BE array failure (non-preferred site for a Metro Distributed Virtual Volume)	VPLEX will continue to provide access to the Metro Distributed Virtual Volume using the preferred site BE array. When access to the array is restored, the storage volumes from the non-preferred site BE array will be rebuilt automatically.	None.
Single front-end switch failure (preferred site for a Metro Distributed Virtual Volume)	VPLEX will continue to provide access to the Metro Distributed Virtual Volume via alternate paths to the same VPLEX Cluster from the ESX Server.	None.
Single front-end switch failure (non-preferred site for a Metro Distributed Virtual Volume)	VPLEX will continue to provide access to the Metro Distributed Virtual Volume via alternate paths to the same VPLEX Cluster from the ESX Server.	None.

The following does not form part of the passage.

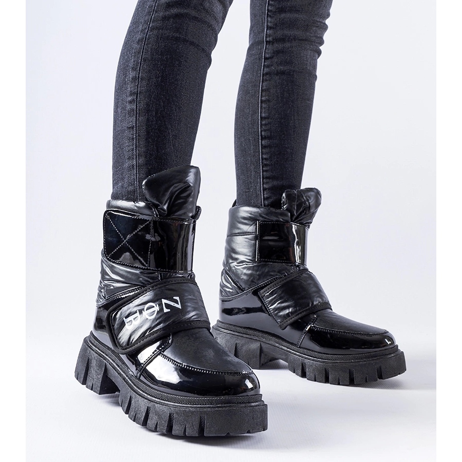 Stylish and functional women's snow boots, ideal for cooler days. Classic, black colors and varnished accents give them elegance, and insulation provides thermal comfort even at low temperatures. A flat, rubber sole guarantees adhesion and durability.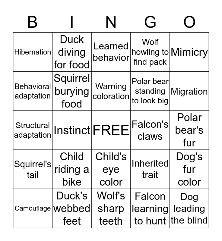 This bingo card has a free space and 24 words: Child riding a bike, Duck's webbed feet, Warning coloration, Camouflage, Mimicry, Hibernation, Behavioral adaptation, Duck diving for food, Falcon's claws, Child's eye color, Polar bear standing to look big, Structural adaptation, Inherited trait, Dog's fur color, Squirrel burying food, Falcon learning to hunt, Polar bear's fur, Learned behavior, Migration, Instinct, Dog leading the blind, Squirrel's tail, Wolf howling to find pack and Wolf's sharp teeth.

VPLEX director failure	VPLEX will continue to provide access to the Metro Distributed Virtual Volume through front-end paths available through other directors on the same VPLEX cluster.	None.
Complete site failure (where the preferred site for a Metro Distributed Virtual Volume is in the site that has failed)	VPLEX will suspend I/O on the Metro Distributed Virtual Volume on the non-preferred site. Once it is determined by the administrator that the site has failed, and it is not a case of inter-site communication failure, the volumes on the non-preferred site can be unsuspended ("resumed") using the device resume-link-down command. Note that this process is manualintentionally. While the automated resuming of I/O works in the site failure, it does not work in the VPLEX Cluster Partition case. Issuing the unsuspend command automatically on the non-preferred site would cause both sites to become simultaneously read-writeable creating a potential split brain condition.	VMs running in preferred site: VMware HA will attempt to bring up the failed VMs (up to 5 times) on the ESX Servers supported by the non-preferred site for the Metro Distributed Virtual Volumes. These attempts will fail until the volumes are unsuspended on the non-preferred site. If the HA maximum restart limit is reached, the failed VMs need to be manually restarted on the non-preferred site. VMs running in non-preferred site: These VMs will see the I/O as being suspended and the guest OS may hang during this time. If VM monitoring is turned on, the guest OS' would attempt to be reset (maximum resets is based on the VM Monitoring policy), but the attempts will fail until volume is 'unsuspended'. If the maximum reset limit of VM Monitoring is reached, the failed VMs will need to be restarted manually.
Complete site failure (where the non-preferred site for a Metro Distributed Virtual Volume is in the site that has failed)	VPLEX will continue to provide I/O access to the preferred site.	VMs running in preferred site: No impact. VMs running in non-preferred site: Given that the ESX Servers have failed, the VMs running on those ESX Servers also fail. VMware HA will automatically restart the VMs on the ESX Servers supported by the preferred site for the Metro Distributed Virtual Volume and no administrative action is necessary.
Add ESX Server(s) to the cluster	After the ESX Servers are registered and added to the appropriate VPLEX view, VPLEX will provide access to the provisioned Metro Distributed Virtual Volumes to the newly added host.	None.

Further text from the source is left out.